[erlang-questions] How to track down intermittent segfaults in a threaded NIF
Igor Clark
igor.clark@REDACTED
Tue May 29 16:08:02 CEST 2018
Thanks Lukas and Peti, that's great. "erl -emu_type debug" definitely
works - I haven't made the debug build yet but I get "erlexec: The
emulator
'/usr/local/Cellar/erlang/20.3.4/lib/erlang/erts-9.3/bin/beam.debug.smp'
does not exist", which is what I want. I'll get onto the debug build and
see what I can find out.
In case anyone else wants to use that in rebar3 shell, I found
http://www.rebar3.org/v3.0/discuss/5745fb105528582000dfb47f which shows
you can set ERL_FLAGS to just set -emu_type directly, or specify vm.args
so you can then set it in there, e.g.:
> ERL_FLAGS=" -args_file config/vm.args -config config/sys.config"
> rebar3 shell
Cheers,
Igor
On 29/05/2018 14:09, Peti Gömöri wrote:
> since OTP 20 the *-emu_type* flag might also work eg.:
> erl -emu_type debug
>
> and you can put it in the vm.args file too
>
> On Tue, May 29, 2018 at 2:45 PM, Lukas Larsson <lukas@REDACTED
> <mailto:lukas@REDACTED>> wrote:
>
> I don't know how to make rebar3 run the debug emulator, but a
> quick and dirty trick that I do when all else fails is to copy the
> beam.debug.smp file over the beam.smp file.
>
> You probably also have to copy the erl_child_setup.debug file,
> that file should however have the .debug suffix remaining. So:
>
> cp bin/`erts/autoconf/config.guess`/beam.debug.smp
> path/to/release/erts-v.s.n/bin/beam.smp
> cp bin/`erts/autoconf/config.guess`/erl_child_setup.debug
> path/to/release/erts-v.s.n/bin/
>
>
> On Tue, May 29, 2018 at 1:30 PM, Igor Clark <igor.clark@REDACTED
> <mailto:igor.clark@REDACTED>> wrote:
>
> Thanks very much Lukas, I think the debug emulator could be
> what I'm looking for. The NIF only sometimes crashes on
> lists:member/2 - those log lines are all from different
> crashes (there's only one crashed thread each time), and
> sometimes it just crashes on process_main. So I think I might
> need the debug emulator to trace further.
>
> However I have a lot to learn about how to integrate C tooling
> with something so complex. When I run the debug emulator, does
> it just show more detailed info in stack traces, or will I
> need to attach gdb/lldb etc to find out what's going on? Is
> there any more info on how to set this all up?
>
> Also, not 100% sure how to run it, as I run my app with
> "rebar3 shell" from a release layout during development, or
> the same inside the NIF-specific app when trying to track
> problems down there. The doc you linked says:
>
>> To start the debug enabled runtime system execute:
>>
>> |$ $ERL_TOP/bin/cerl -debug|
>
> I realise these are more rebar3 than erlang questions, but I
> can't find much in the rebar3 docs about them:
>
> - How should I specify that rebar3 should run "cerl" instead
> of "erl" ?
>
> - Should I just add "-debug" in my "config/vm.args" or is
> there another way to do this?
>
> Thank you for your help!
> i
>
>
> On 29/05/2018 11:30, Lukas Larsson wrote:
>> Have you tried to run your code in a debug emulator?
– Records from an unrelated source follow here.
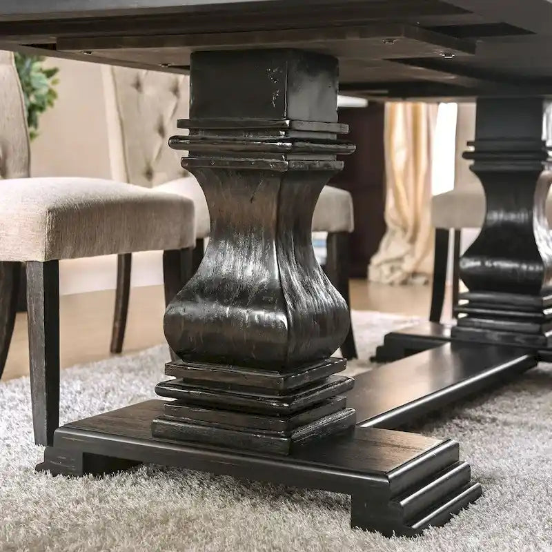 Cet ensemble de salle à manger sept pièces, comprenant une table et six chaises, évoque le charme rustique d'une maison de campagne. Sa finition en bois à grain rustique lui confère une touche d'élégance supplémentaire. La table repose sur un élégant piètement à tréteaux, créant une ambiance chaleureuse. Les chaises, revêtues d'un tissu capitonné à l'aspect lin, apportent une note raffinée à votre salle à manger. Le design en volute des chaises ajoute une touche de sophistication discrète à votre espace repas.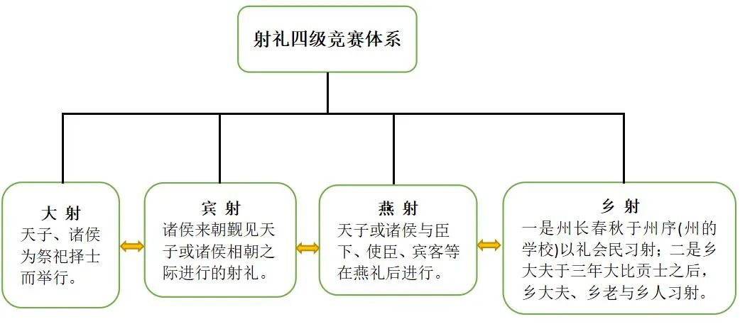 (一)射礼具有“大射、宾射、燕射、乡射”四个等级竞赛体系。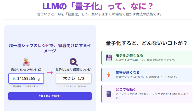 つまり「モデルを小さくしても、頭の良さはほとんど変わらない」という次世代の量子化が現実になったのです。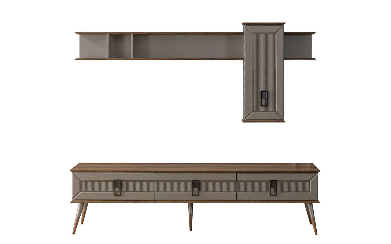 Questo elegante arredamento di design per il soggiorno è la soluzione completa per la tua area di intrattenimento. Il set include un supporto TV in legno dai dettagli curati e raffinati, perfetto per ospitare schermi di grandi dimensioni. Con scaffali ben strutturati per organizzare dispositivi multimediali e oggetti decorativi, e un tavolino dal design moderno per completare lo spazio, questo set RTV nuovo renderà il tuo soggiorno un ambiente accogliente e stiloso.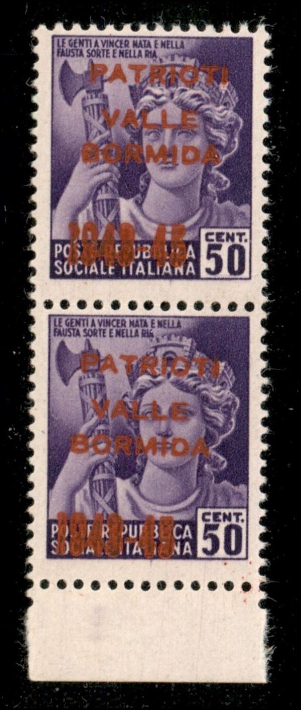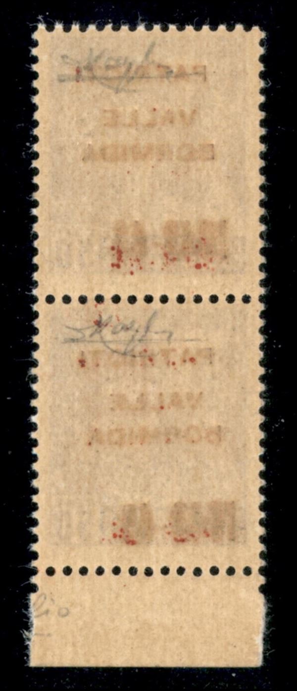 1945 - Soprastampa Vermiglio - 50 cent (5A) in coppia verticale bordo foglio con soprastampa del pezzo inferiore spostata (in basso a sinistra) - gomma integra - non catalogata - Raybaudi

>> https://github.com/erlang/otp/blob/master/HOWTO/INSTALL.md#how-to-build-a-debug-enabled-erlang-runtime-system
>> <https://github.com/erlang/otp/blob/master/HOWTO/INSTALL.md#how-to-build-a-debug-enabled-erlang-runtime-system>
>>
>>
>> Since it seems to be segfaulting in lists:member/2, I would
>> guess that your nif somehow builds an invalid list that later
>> is used by lists:member/2.
>>
>> On Tue, May 29, 2018 at 11:04 AM, Igor Clark
>> <igor.clark@REDACTED <mailto:igor.clark@REDACTED>> wrote:
>>
>> Thanks Sergej - that's where I got the thread reports I
>> pasted in below, from e.g.
>> 'beam.smp_2018-05-28-212735_Igor-Clarks-iMac.crash'.
>>
>> Each log says the only crashed thread was a scheduler
>> thread, for example "8_scheduler" running "process_main"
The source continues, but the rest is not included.